Javierito que estava caído de costas, sentou-se no chão e retirou os restos dos trapos do rosto e das mãos, expondo as carnes vermelhas e deformadas, de onde ainda minava sangue.

- Eu não fui muito rápido para sair do celeiro em chamas.

O cavaleiro caiu de joelhos ao chão, mais uma vez. Colocou as mãos no rosto tentando controlar a enxurrada de emoções que sentia.

- Sinto muito. Meu nome é Miguel. Sou marido de Catarina. Vim aqui para resgatá-la.

Em um outro lugar, um clérigo estava agitado. Ele abria pergaminhos e documentos empilhados. Tentava encontrar uma lei que o favorecesse, qualquer coisa que o permitisse ficar com Catarina de Navarro, antes que ela fosse queimada no auto-de-fé. O Rei da Espanha ou talvez até mesmo o Papa poderiam ajudá-lo. Ele vasculhou e procurou. Leu e releu, mas nada se lhe apresentava. Nada poderia ser feito para livrar Catarina da morte. Se ao menos Dom Villagrán não ficasse o tempo todo vigiando as masmorras... “Isso!”

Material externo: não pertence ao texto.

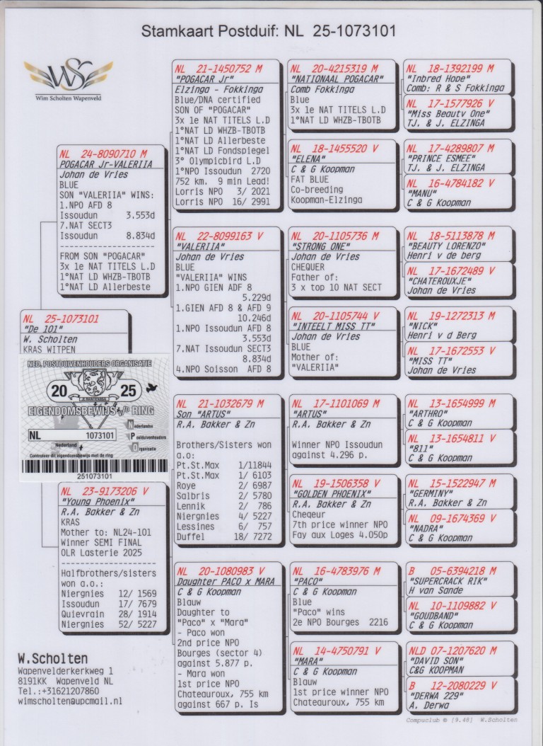 Uit: ”Pogacar Jr.-Valeriia”, zoon ”Pogacar Jr.”, Nieuwe Stamvader Johan de Vries & zoon ”Valeriia”, 2x 1. NPO x ”Young Phoenix”, moeder 1. Halve Finale OLR Lasterie Spanje 2025, uit zoon ”Artus” & ”Golden Phoenix”
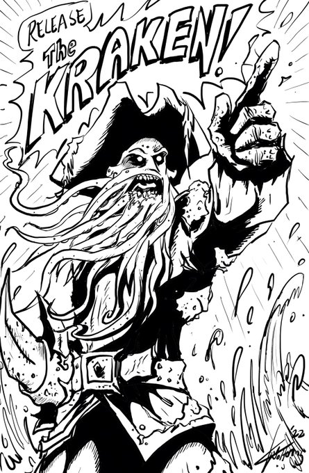 #inktober2022day17 “Salty” - hard to imagine anything more salty than #DavyJones #inktober #inktober2022
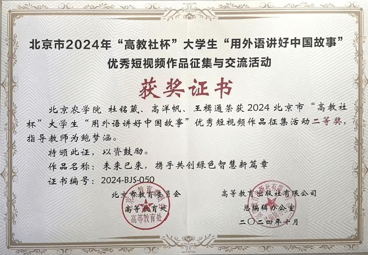 在北京市2024年“高教社杯”大学生“用外语讲好中国故事”优秀短视频作品征集与交流活动中,beat365官网园林学院鲍梦涵老师指导的杜铭葳、高洋帆、王楫通三位同学完成的作品“未来已来,携手共创绿色智慧新篇章”获得二等奖。
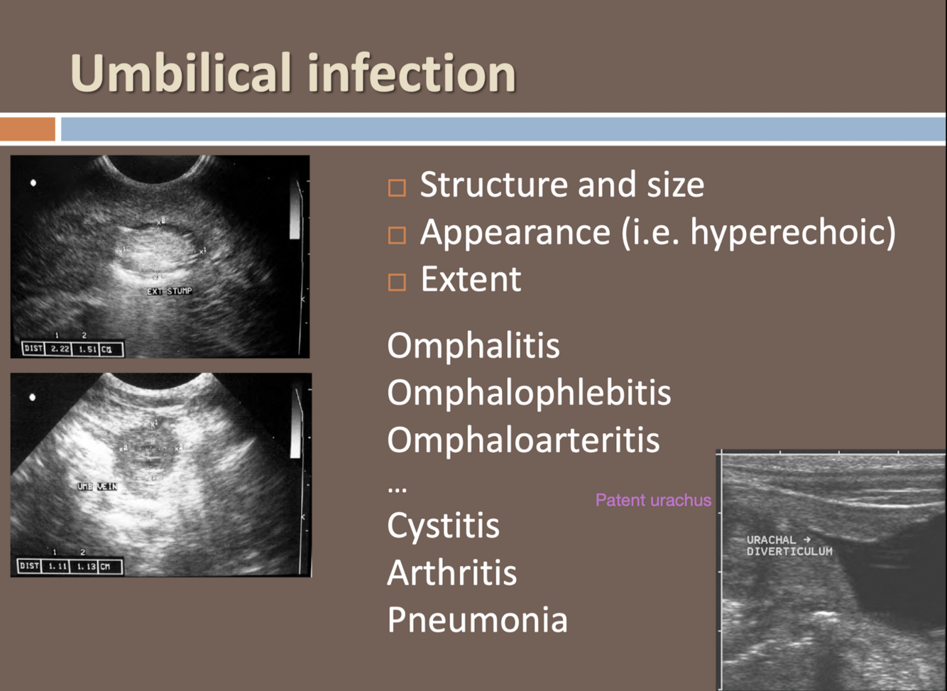 -Urachus, arteries, veins can be infected

Dom Emanuel ficou tão excitado por haver descoberto uma forma de libertar Catarina, que ele não cabia em si, temendo até mesmo se descontrolar. Pegou sua sineta de ouro e a tocou impaciente. Uma, duas vezes, e ninguém o atendeu. Ele então arremessou o objeto na parede, fazendo um buraco no reboco. Nada. Ele apanhou a peça de ouro e se dirigiu à porta de madeira maciça, a escancarando. Pegou a sineta e bateu com fúria na porta, enquanto gritava.

- Dom Bolaños, onde estás que não me escuta?

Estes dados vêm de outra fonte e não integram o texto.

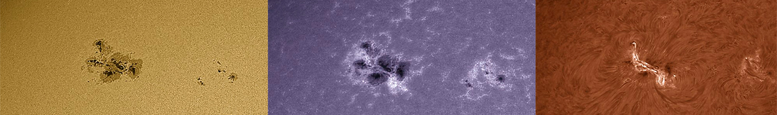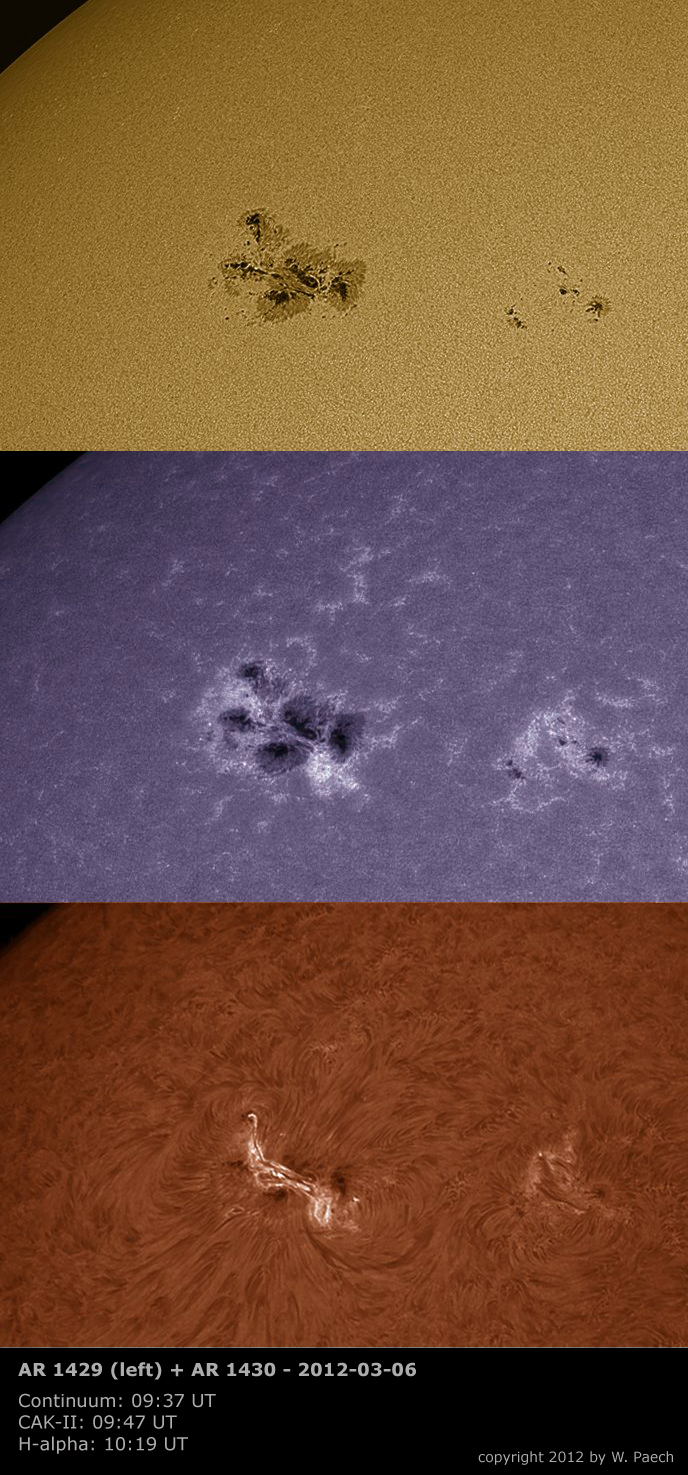 1430 am 3. Juni 2012 in drei Spektralbereichen (Kontinuum: 09:37 UT, CaK-II: 09:47 UT und H-alpha: 10:19 UT). Klicken Sie hier zum Laden einer großen Darstellung. |
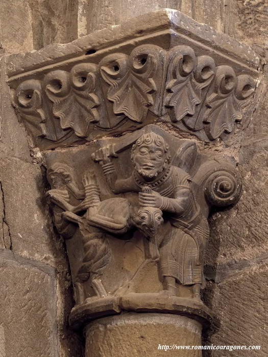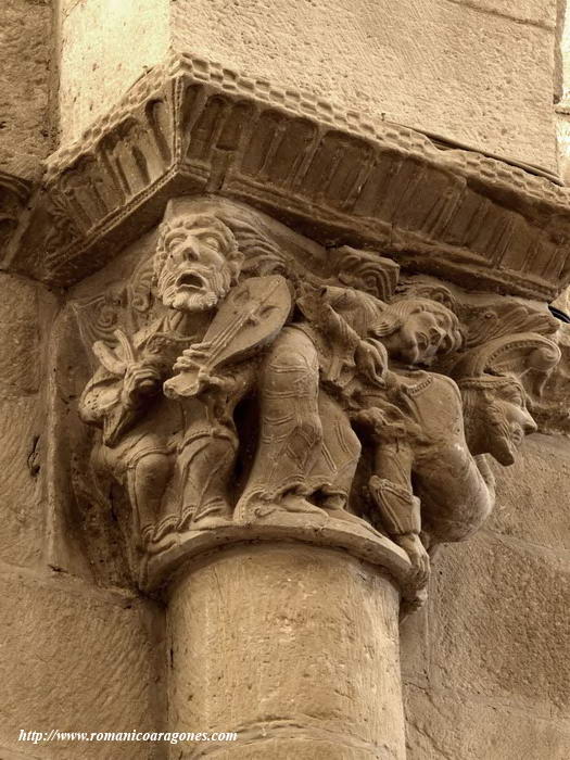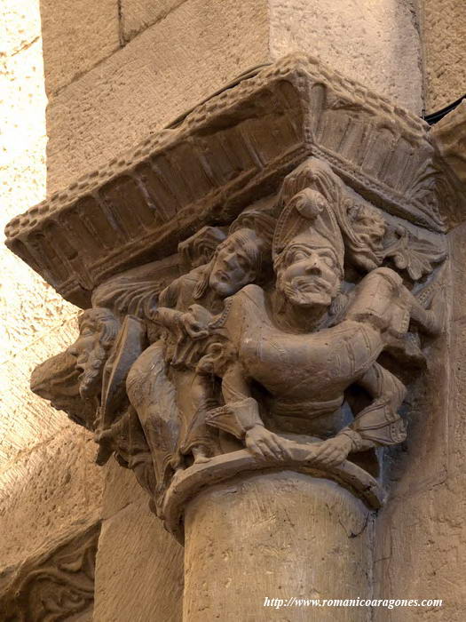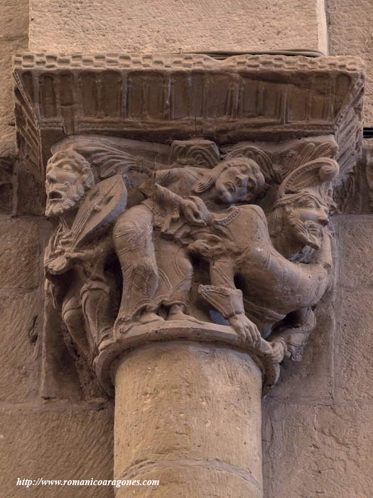 Frente al capitel anterior, a nuestra izquierda, hay otro capitel en que la escena nos muestra a un personaje dispuesto a decapitar a un demonio con cara de ave (?) al que tiene tomado por el pelo, mientras que un segundo demonio le sujeta sus manos a la espalda (Imagen 2).

Um outro clérigo veio correndo só em ceroulas, com a batina na mão, que ele se apressou a vestir, antes de chegar próximo a Dom Emanuel.

- Desculpe-me, reverendo. O que desejas?

Dom Emanuel esbofeteou o outro sacerdote com força desnecessária.

- Ou te comportas com zelo e compostura, ou te denuncio à inquisição. Entra aqui, já.

Dom Bolaños o seguiu, com o rosto queimando em fúria contida. Ele terminou de abotoar sua batina enquanto observava Dom Emanuel.

- Pois sim, reverendo, o que devo fazer?

- Encontrei uma forma de livrar Catarina da morte. Preciso apenas afastar Dom Villagrán de perto dela. Para isso preciso de tua ajuda.

- Que tens em mente? Quer que invente uma mentira para Dom Villagrán?

- Quero que o distraias, que o enrede com alguém... Qualquer coisa. O que achas que ele gosta?

- Dom Villagrán? De nada. Ele não gosta de mulheres, nem de rapazes. Não cobiça ouro ou bens. Talvez ele apenas queira prestígio político, e isso é algo que não posso lhe conseguir.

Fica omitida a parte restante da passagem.